Se le representa en el Helicón acompañado por el instrumento de cuerda
que ha inventado, o en imágenes que lo hacen luchar con Apolo por la lira. En
Megalópolis se encuentra el santuario de Hermes, pero también de sus más afines
compañeros de afinidades electivas: Apolo y las diez Musas.
No hay que olvidar que Hermes es el maestro
de la elocuencia. Otro de sus atributos es el de su vigorosa y más que
estentórea voz, la cual lo hizo vencer en un certamen al famosísimo y
vociferante Estentor, lo que le permitió al dios dar la palabra a la desdichada
Pandora. Por esas y otras hazañas semejantes Hesíodo lo llama “maestro del
lenguaje”. Tal maestría es también la que lo mantiene alejado definitivamente
de lo grosero y de lo repugnante, pues su elocuencia, la amenidad de su
conversación y superior sonrisa lo elevan de ese mundo reconciliándolo con sus
más osadas travesuras. Por todo ello, aunque con más ricas y multiformes
razones, recibe junto con Afrodita y Dionisos el epíteto de dios “dador de lo
agradable”.
Aunque Hermes no es un dios de la fecundidad o un genio erótico de la
procreación propiamente dicho, participa
de la potencia amorosa en lo que ésta tiene de travesura, de astucia y de
picardía, de hallazgo amoroso, de robo y de atrapar afortunado inspirado por la
conversación encantadora. El portador de la buena suerte no se ha equiparado a
Príapo inútilmente. Es el Hermes Tychon, el feliz amigo y galán
de las Ninfas y de las Cárites, que cae bajo el círculo de Afrodita. A ello se
debe que hiervas y medicinas para conseguir hijos sanos y hermosos lleven su
nombre. Pero también a su desarrollado sentido del amor más humano que hay: el
de cariño. En efecto, el dios mago, conductor de manadas y espíritu de la noche
es también el dios más cariñoso del panteón olímpico, que sin la fusión
candente de los cuerpos alcanza la unión bien templada de los espíritus.

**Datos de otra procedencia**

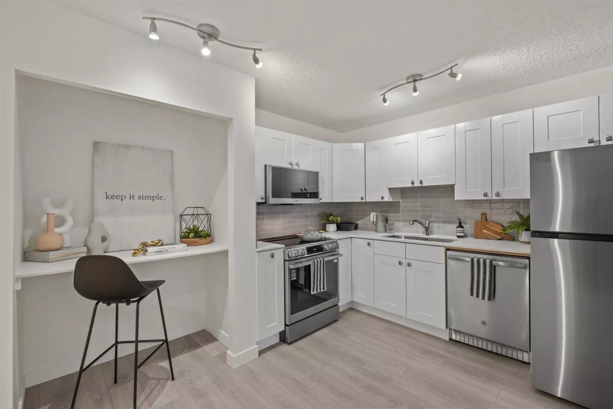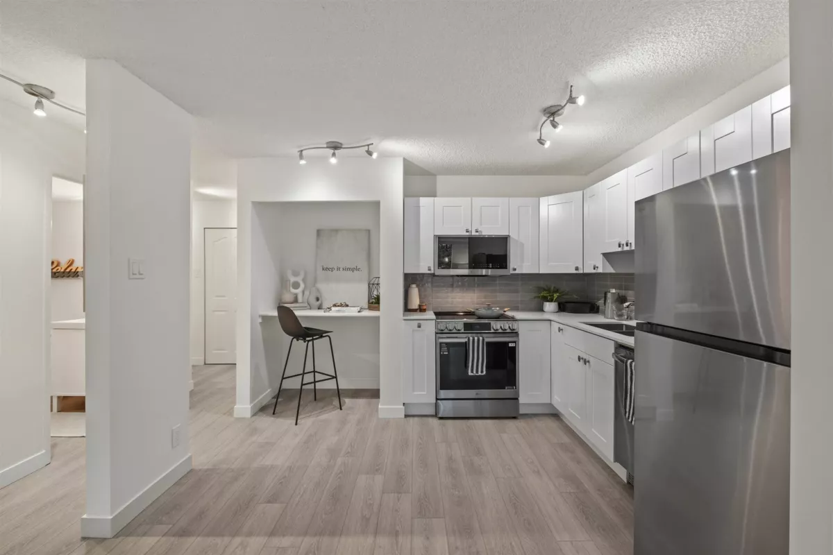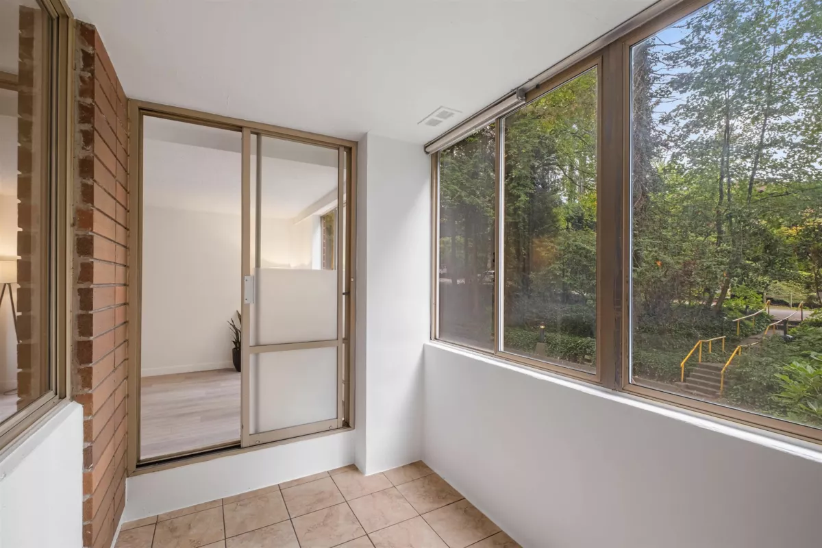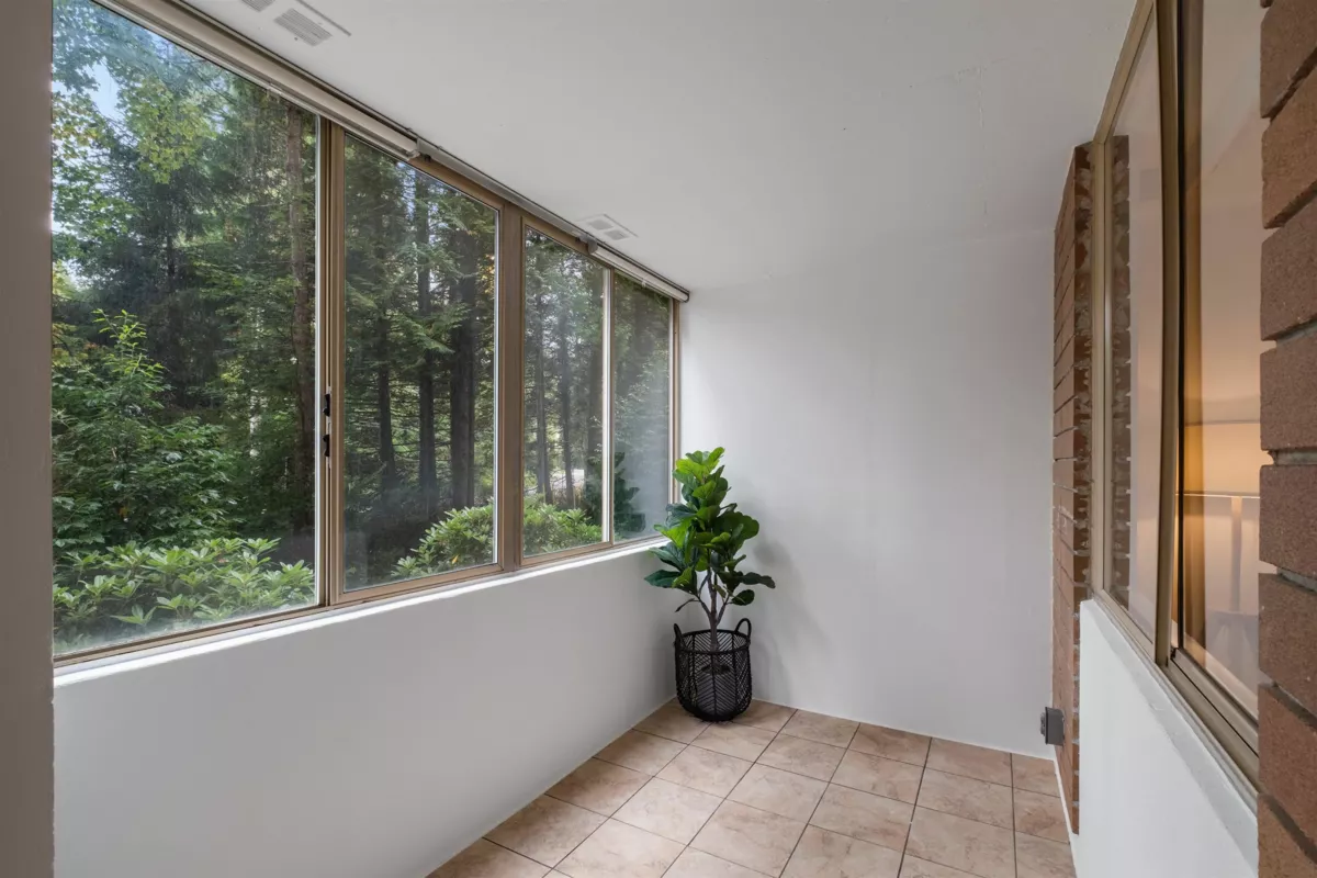 Become a part of the Woodcroft Estates Community with a wide range of amenities for every lifestyle, such as an indoor pool, hot tub, sauna, gym, library, activity rooms & workshop. Nestled under the cover of lush fir trees this quiet & peaceful 1 bed & flex is the perfect place to call home. The updated space has brand new water-resistant flooring throughout, new appliances, kitchen backsplash, fresh paint & more. The enclosed balcony offers the option of a den, solarium, workout space for a bike or yoga meditation, while the kitchen nook gives you the choice of a wine bar, extra kitchen prep space, an office nook, or more storage. Just a 5-minute walk to Lions Gate Village shops, community centre, & enhanced transit, makes this a fantastic opportunity to secure a home on the North Shore.

La divinidad representada por el dios Hermes es una compleja figura del
Olimpo griego al no tener un dominio de virtud (areté) claramente
determinado, invadiendo en su versatilidad lo mismo la inventiva que la
fascinación o el encanto, y la marrullería igual que la sagacidad. Sátiro,
mendigo, mago y artesano, el invisible dios trasciende, en efecto, las
funciones y capacidades de todos los demás dioses.
A Ganimedes se le representa también
portando una caperuza. Las mitología cuenta que Ganimedes era un adolecente de
singular hermosura que guardaba los rebaños de su padre en las montañas que
rodeaban Troya, cuando fue raptado por Zeus transfigurado en águila y llevado
en calidad de inmortal al Olimpo como copero, remplazando a la diosa Hebe,
divinidad de la juventud, como escanciador de los dioses, dándole con ello el
atributo de tipo ideal del efebo helénico. Está relacionado también con el
signo zodiacal Acuario, pues es el genio que derrama sobre la tierra el agua
del cielo. La ciencia astronómica también le rinde honores al nombrar a una de
las cuatro lunas de Júpiter con su nombre. Se trata del satélite Ganimedes (que
en francés quiere decir “complaciente”) cuyo diámetro es de 5,150 kilómetros.